With increasing urbanization, particularly in developing countries, it is important to understand how local biota will respond to such landscape changes. Bats comprise one of the most diverse groups of mammals in urban areas, and many species are threatened by habitat destruction and land use change. Yet, in Africa, the response of bats to urban areas is relatively understudied. Therefore, we collated data on urban presence, phylogenetic relationship, and ecological traits of 54 insectivorous bats in Africa from available literature to test if their response to urbanization was phylogenetically and/or ecologically driven. Ancestral state reconstruction of urban tolerance, defined by functional group and presence observed in urban areas, suggests that ancestral African bat species could adapt to urban landscapes, and significant phylogenetic signal for urban tolerance indicates that this ability is evolutionarily conserved and mediated by pre‐adaptations. Specifically, traits of high wing loading and aspect ratio, and flexible roosting strategies, enable occupancy of urban areas. Therefore, our results identify the traits that predict which bat species will likely occur in urban areas, and which vulnerable bat clades conservation efforts should focus on to reduce loss of both functional and phylogenetic diversity in Africa. We, additionally, highlight several gaps in research that should be investigated in future studies to provide better monitoring of the impact urbanization will have on African bats.

We compiled a list of all mainland African insectivorous bat species using ACR (2018), Kingdon (2013), and Monadjem et al. (2020). We collected aspect ratio, wing loading, peak echolocation frequency, roost ecology, and functional group data for each of these species from these sources and other available literature (ACR., 2018; Aldridge & Rautenbach, 1987; Kingdon, 2013; Monadjem et al., 2020; Norberg & Rayner, 1987; Salsamendi et al., 2005). Available ecological trait data and presence in the phylogenetic super‐tree (Jones et al., 2005) reduced our data set from an initial 219 species to 54 species for statistical analyses. We then determined whether these species were present in urban (including suburban or peri‐urban) areas within their range (personal communication P. Webala, I. Tanshi and M.C. Schoeman; and Ancillotto et al., 2015; Andreani et al., 2019; Dekker et al., 2013; Fenton et al., 2002; Geldenhuys et al., 2013; Hoye & Spence, 2004; Jacobs & Barclay, 2009; Kurek et al., 2020; Lane et al., 2022; Legakis et al., 2000; O'Malley et al., 2020; Roswag et al., 2019; Schoeman, 2016; Schoeman & Waddington, 2011; Taylor et al., 1999; Wojtaszyn et al., 2013) and recorded this information as presence (1) or absence (0) in urban areas. We categorized roost specificity for each species as: utilizing 1 roost type = high, 2 roost types = medium, and ≥3 roost types = low. Each of the following was considered a different roost “type”: caves and mines, tree crevices (behind bark and tree holes), foliage, rock crevices, exposed outer walls of houses/buildings, roofs of houses/buildings, and road culverts. Roost specificity was classified regardless of the surrounding habitat type (e.g., open vs. narrow space) or landscape (e.g., highly urbanized vs. more rural areas) where the roost was found.

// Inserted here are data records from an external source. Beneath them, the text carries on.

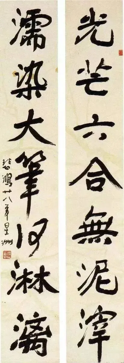 碑学之兴,乘帖学之坏。但当碑学逐渐成熟壮大繁荣之际,也出现或粗糙、或草率或程式化而无生气之倾向。徐悲鸿去两弊而取两优,在碑帖同重中践履着他的书法革命。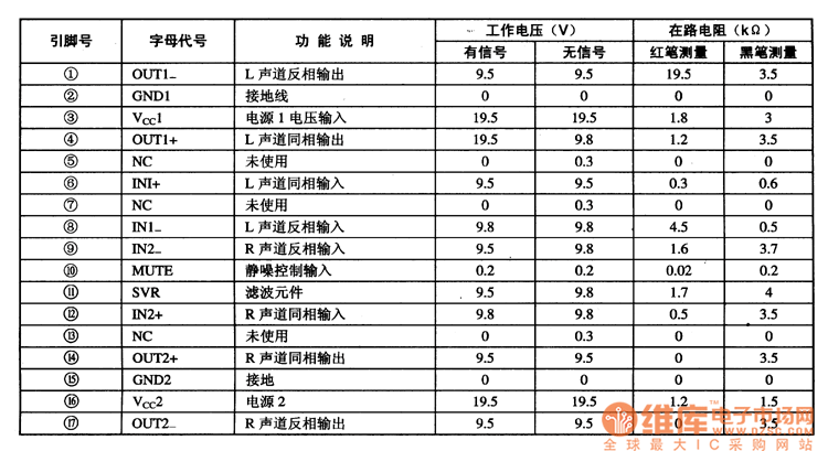 TDA8944J is two-channel BTL audio power amplifier integrated circuit produced by Philips company, it is widely used in various high-fidelity home theater, television, stereo, computer audio. 1. Function descriptionTDA8944J IC has two BTL audio power amplifier circuits with the the same function, it also has a switch function of static noise, and thermal protection, short circuit protection circuit. When the working voltage is 12V, RL = 8Ω, each channel output power is 7W. 2. IC pin functions and data TDA8944J uses 17-foot single-line package, the pin functions and data are listed in Table 1. Table 1 shows TDA8944J pin function integrated circuit and data.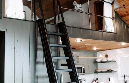 River + Mountains: Take some time to enjoy the tranquil beauty of nature with a stay at The HoneyBee. Lounge by Caddo River and take in stunning views from your private deck — complete with a hammock, a hanging egg chair, two rocking chairs, and a dining set for four! This cozy space has ample sleeping arrangements; one King Bedroom with a Sleep Number Mattress, plus a Queen Bed in the loft promises optimal rest & relaxation. Inside you’ll find everything necessary for cooking up delicious meals — cookware, bakeware (we've got muffin tins!), utensils...even waffle-maker for breakfast feasts! And we didn't forget about outdoor activities: head down to the river or spend quality family time around our firepit before playing on the bungee swing nestled among trees. Get ready…its luxury living like never before!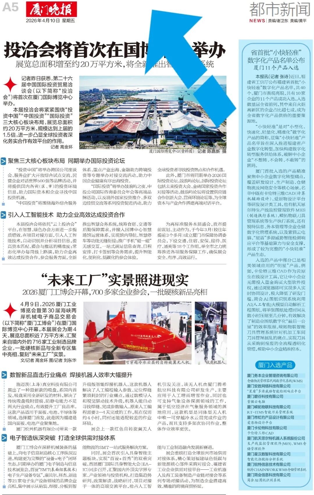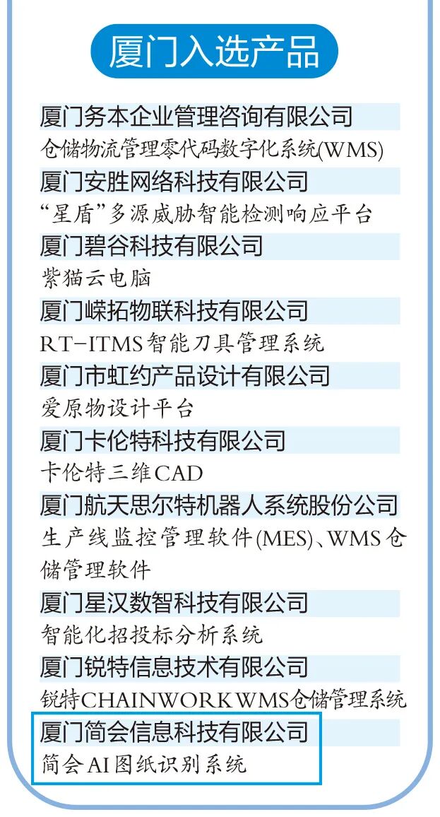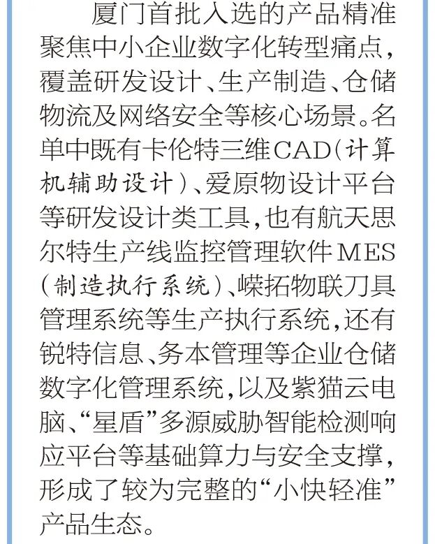 4月10日,**《厦门晚报》以《省首批"小快轻准"数字化产品名单公布》为题,报道了厦门简会等11家本土企业在数字化建设领域所取得的亮眼成效。**以下为报道原文:
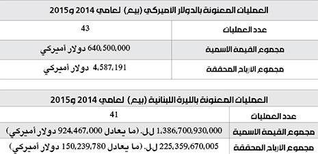 بلغ عدد العمليات التي تم إبلاغنا عنها، والتي تتوافق مع المعيار المحدد أعلاه، 183 عملية تداول مجموع قيمتها التعاقدية 2.6 مليار دولار نتج منها أرباح رأسمالية بقيمة 154 مليون دولار أميركي خلال فترة السنتين (2014-2015). تمت هذه العمليات مع جهة تابعة هي (Medfinance Services LTD)، مصرف لبنان ومصارف ومؤسسات محلية وأجنبية عديدة.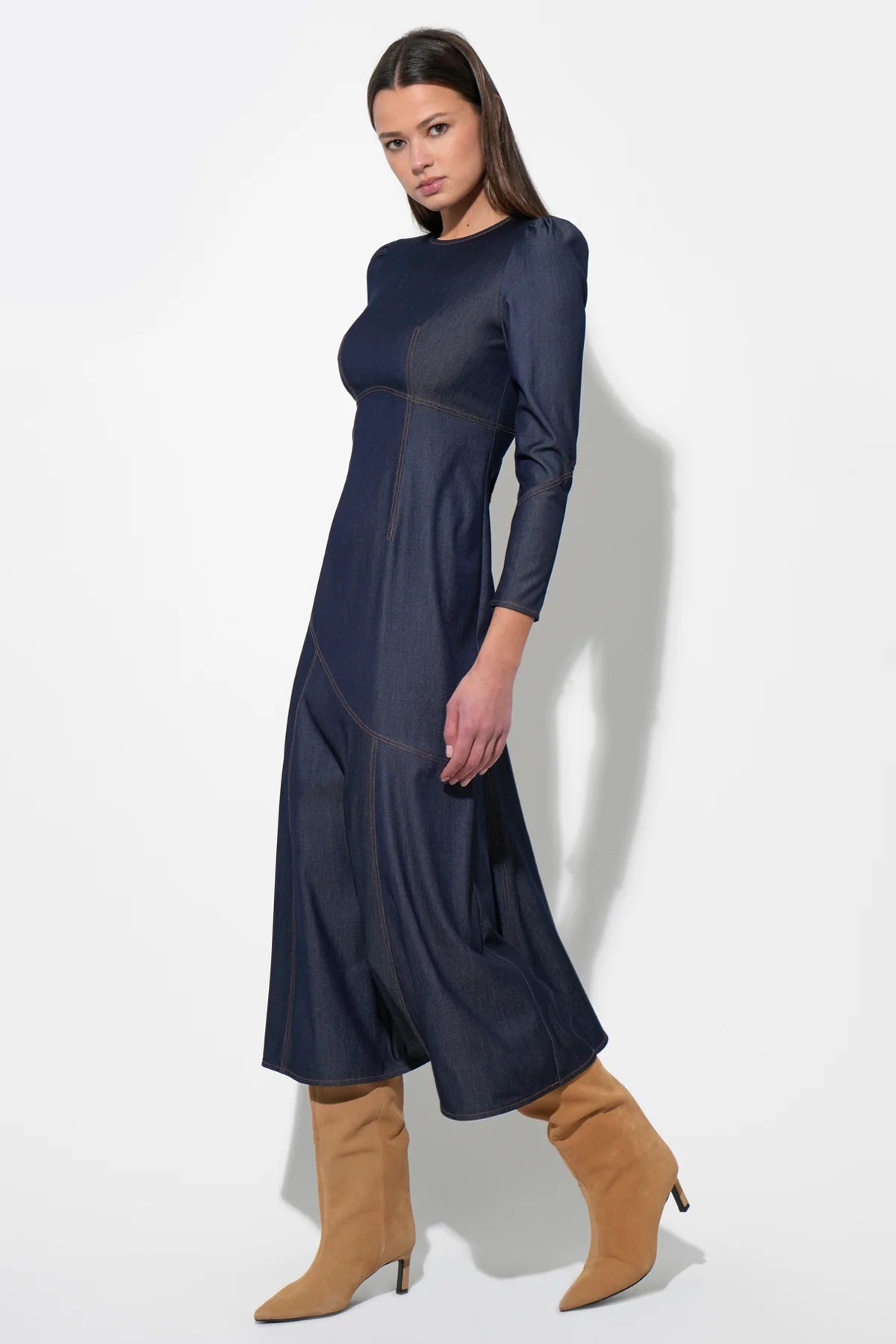 It is made from a structured denim-like fabric in a medium blue shade with contrasting stitching that highlights the dress's architectural lines. The dress features a flattering round neckline and a midi-length A-line skirt.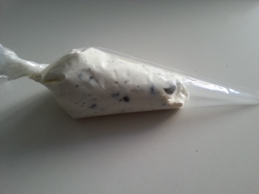 4. - En un cuenco, mezclamos el queso con las alcaparras y lo metemos en una manga pastelera, o, si no tenéis, en una bolsa de conserva y le cortáis una de las esquinas, a modo de boquilla.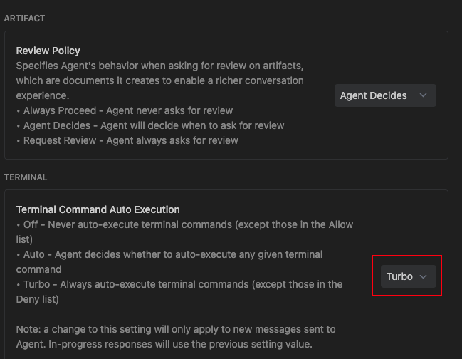 首次使用Antigravity时,进入设置界面,将终端模式从默认模式切换为Turbo模式。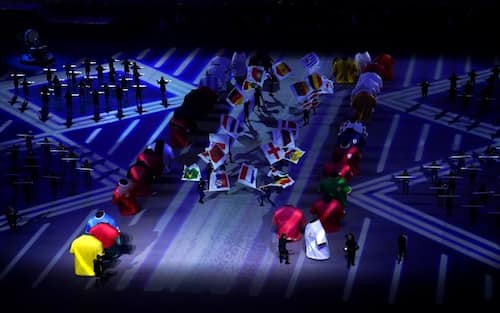 - Poi hanno fatto il loro ingresso le maglie delle 32 nazionali con gli sbandieratori italiani di Faenza tra i protagonisti della cerimonia. Italia presente anche nelle coreografie, ideate dal nostro Marco Balich.

We categorized bats into urban exploiters, adapters, or avoiders after Jung and Kalko (2011) and Schoeman (2016) based on wing morphology and roost habits. Urban exploiters are open‐air bats with high wing loading and aspect ratios and highly flexible roost habits that readily use anthropogenic resources; urban adapters are narrow‐edge space bats with intermediate wing loading and aspect ratios, and fairly flexible roosting habits; and urban avoiders are narrow‐space bats with restricted roosting requirements, such as obligate cave roosters (Jung & Kalko, 2011; Schoeman, 2016).